しかし、その内容の半分も頭の中で理解は出来ていないであろう。

何せ、彼女の頭の中では…

独房…ラッキ〜♪ 此れで寝て給料が貰えるわ♪

 ちょっとAV機器が無いのが問題ね。

 必要な物は日向君に持ってきてもらって………

等と妄想を膨らませていたのだ。

視線が定まらず、何か考え事をしている様なミサトを見て、リツコは(コイツまた話を半分も聞いていないわね)と思って、肩を竦め溜息をついてしまう。

「ミサトっ。副司令の話を聞いているの?」

リツコの問い掛けに、ミサトは妄想を中断され現実世界に引き戻された。

「え、えっ、え、何…何、何、何、何、何?」

このセリフを聞いて、ミサト以外の人間は脱力してしまった。

そして司令執務室にいた一同の気持ちはシンクロ率400%であった。


−コイツ、聞いてないな−


「後で書面でも回すから確りと確認するのよ? ミーちゃん」

ユイは疲れた様に言い渡す。そして、汚物を見たくない様に顔を背けると右手をシッシッとばかしに振り、ミサトの退出を督した。

対ミサト班も手馴れたもので、身動きが殆ど取れないミサトにギャグを嚼ませ(独房までの道中が口煩いので)、特殊警棒で膝裏を叩き転ばすと、荷物でも扱う様に台車に載せた。既に“物”扱いである。

 四輪の台車に載せられて搬出され様とした所をシノが呼び止めた。

「そうそう、葛城作戦部長」

その言葉で戸口の中程で台車は停まった。

台車の上で、ミサトはシノに、その黄色く血走った目をギロリと向けた。視線はーなんじゃ、われぇーである。

「当然、独房内でも書類の決裁などは行ってもらいますから。

 日向さんは色々と作戦部と今度来る国連軍顧問団とのパイプ役で忙しいので、保安部の対ミサト班の人達が書類等を運ぶ事になりますよ」

ココでミサトの目論見は早くも崩れた。

下僕の日向マコトが自分の傍に来ないと言うのだ。

早くも、ミサトの自堕落なAVライフは崩れた様だ。

「しかも、今回については私的な面会者は一切認めていません。

 当然、仕事用の面会も保安部の立会いの下で行います」

しかも、下僕のマコトが面会に来たとしても、指示を出す事も必要な物を持ってきてもらう事も無理な気配だ。

うううっうーーーっ。うーーうーーーっ!!(なんですってーーー!くーそーーー!!

口もギャグを嚼まされてしまったので、呻き声しか出せないミサト。呻き声で抗議を示す。

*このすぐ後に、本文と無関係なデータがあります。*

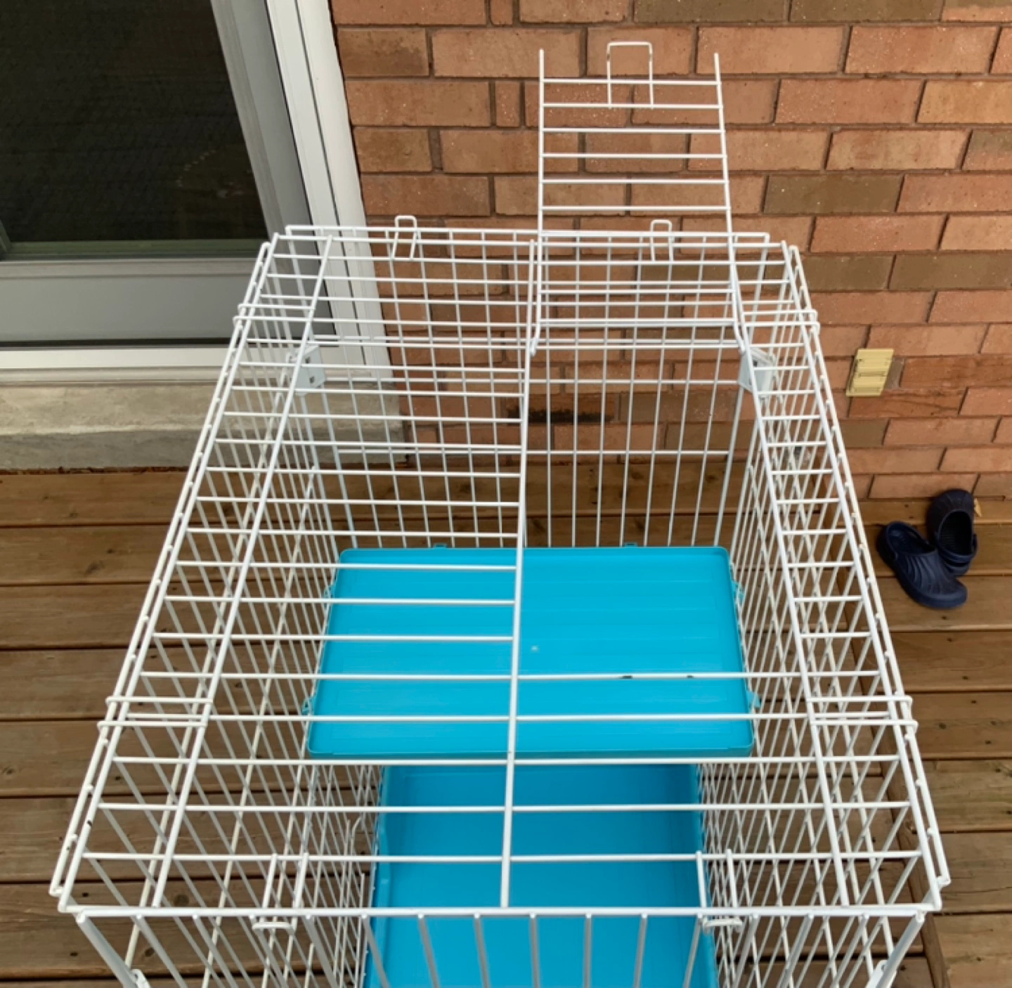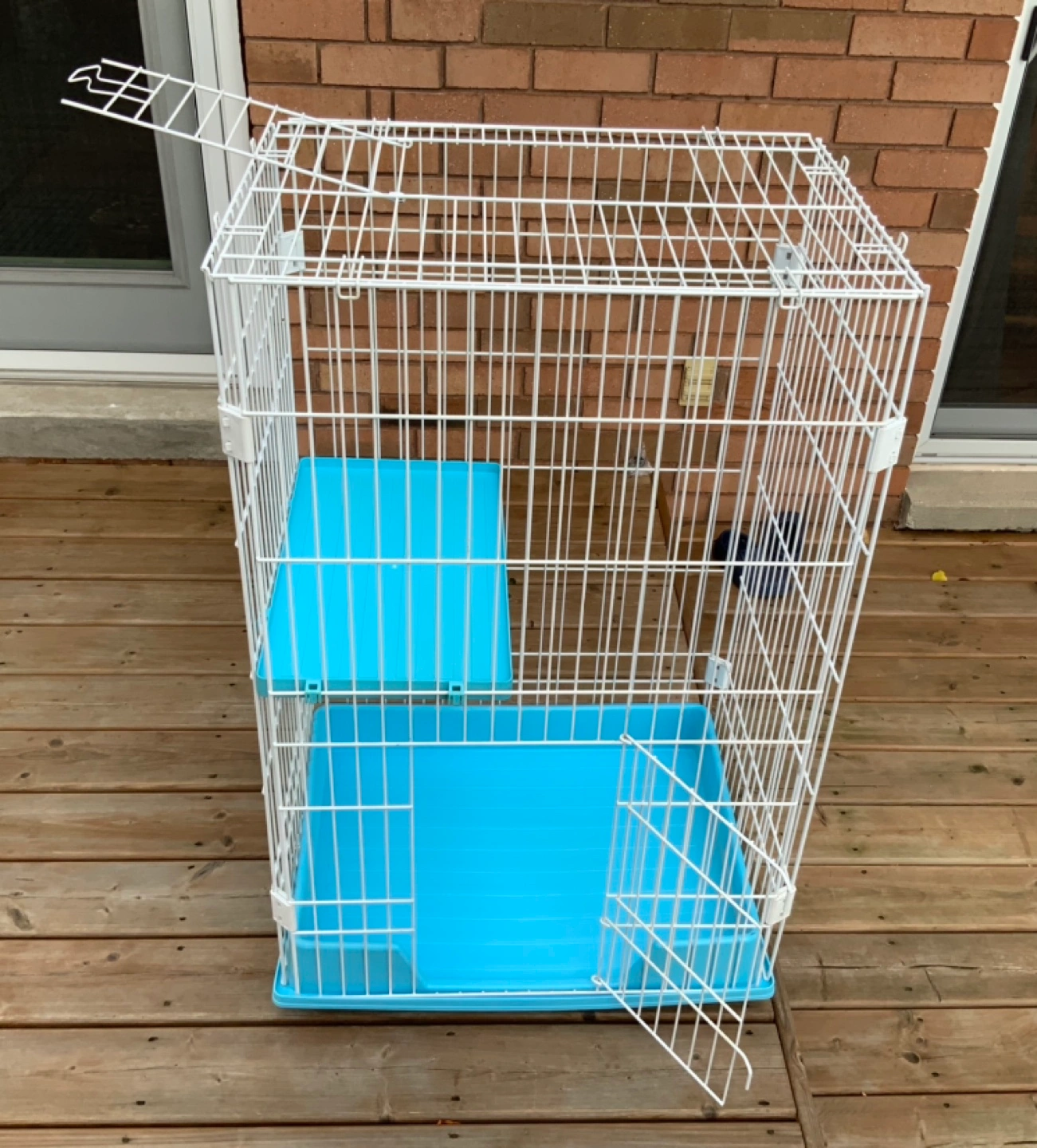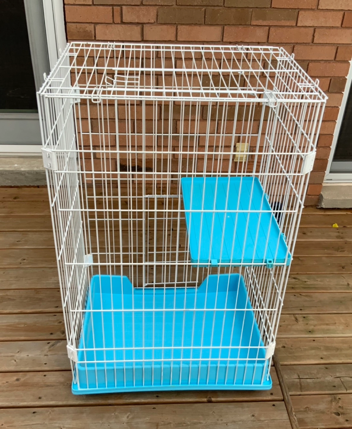 Wire cat cage/ Play Pen White powder coated wire Sturdy plastic base with easy rolling coasters Front and top access doors Knockdown design for easy transport and storage 26 inches long by 19 1/2 inches wide Stands 42 inches high Inside height 39 inches Used twice and in good condition

「別に、独房に入っている間の給与は完全カットしても良いのですよ?

 仕事を行わないのでしたら。働かざるもの食うべからず、ですからね」

その言葉に、ミサトの呻き声がピタっと止まる。

ミサトは脳裏に嫌な考えが浮かぶ。

働かざるもの食うべからず…まさか、独房で働いている(フリ)をしないと、食事も出てこないとか

 そんなミサトの考えなど知ってか知らずか、シノは保安部員達へ指示を出した。

「ご苦労様です。 行って良し」

もっとも、働いているフリでは、期日に書類は上がらないので、直ぐにフリがバレてしまうと思うのだが、ミサトにはそんな所までは気が回らない様だ。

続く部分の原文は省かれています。